The first stones of Pierre&Vacances are in the mountains, in Avoriaz. I did not begin my profession with the idea of creating a European tourism group. My ambition was to create a new city in the mountains, at 1,800 meters altitude, where there was absolutely nothing built, and to make it a tourist city for 20,000 people. I was 27 years old and had a builder’s vision, with land use planning, in response to the public authorities who initiated the famous "Snow Plan" ("Plan Neige" in French). There was a plan to reclaim the mountain territory and develop tourism. The vision I had was of a break with urban life (whereas all the stations at the time were designed on an urban model) in architecture, urban planning, ecology too... That's how Avoriaz was born.
The subsequent problem was tourism development. Because there were ski lifts that represented lots of investments, and high operating costs, it was therefore necessary to find, in addition to daily clientele, residences in the resort, and not only to do second homes. That's when the hotel chains provided me with an enormous service: they didn't want to develop in the mountains, due to operating costs, seasonality, etc.

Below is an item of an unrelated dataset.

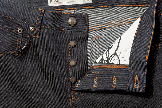 シンプルだが穿き込むごとに縮んで色合いも変化する牛革パッチ。

I am very grateful to them for that.
But with Accor, it was different. We worked together to pre-invent the tourist residence. We invented time-sharing in France. We did the first time-sharing operation with Accor, With Paul and Gérard. This has resulted in a 140-apartment building in Avoriaz, with time-sharing. It was not a financial success. But the tourist residence was invented in this way, which was the conjunction between two things: the demand for apartment rentals for families and groups, and the appetite of the French people for real estate investment. So there was a real need in terms of hotel rentals, in terms of investment in real estate. As I had no money, I combined two jobs: real estate developer and tourism operator. The financing has thus been done.
The idea was that from a given plot of land, there are two stages: the first, real estate development, with the first margin in the short-term; the second, tourism operation, with management over time, and profitability as an operator. This is what I called the combination of the hunter and the ploughman.
To repay Avoriaz's debt, I could not leave the Avoriaz site alone. So we extended the concept to other stations, but with more limited operations, and then to the sea, and then to the countryside. Then came Center Parks, which is indeed the biggest carrier of the group today.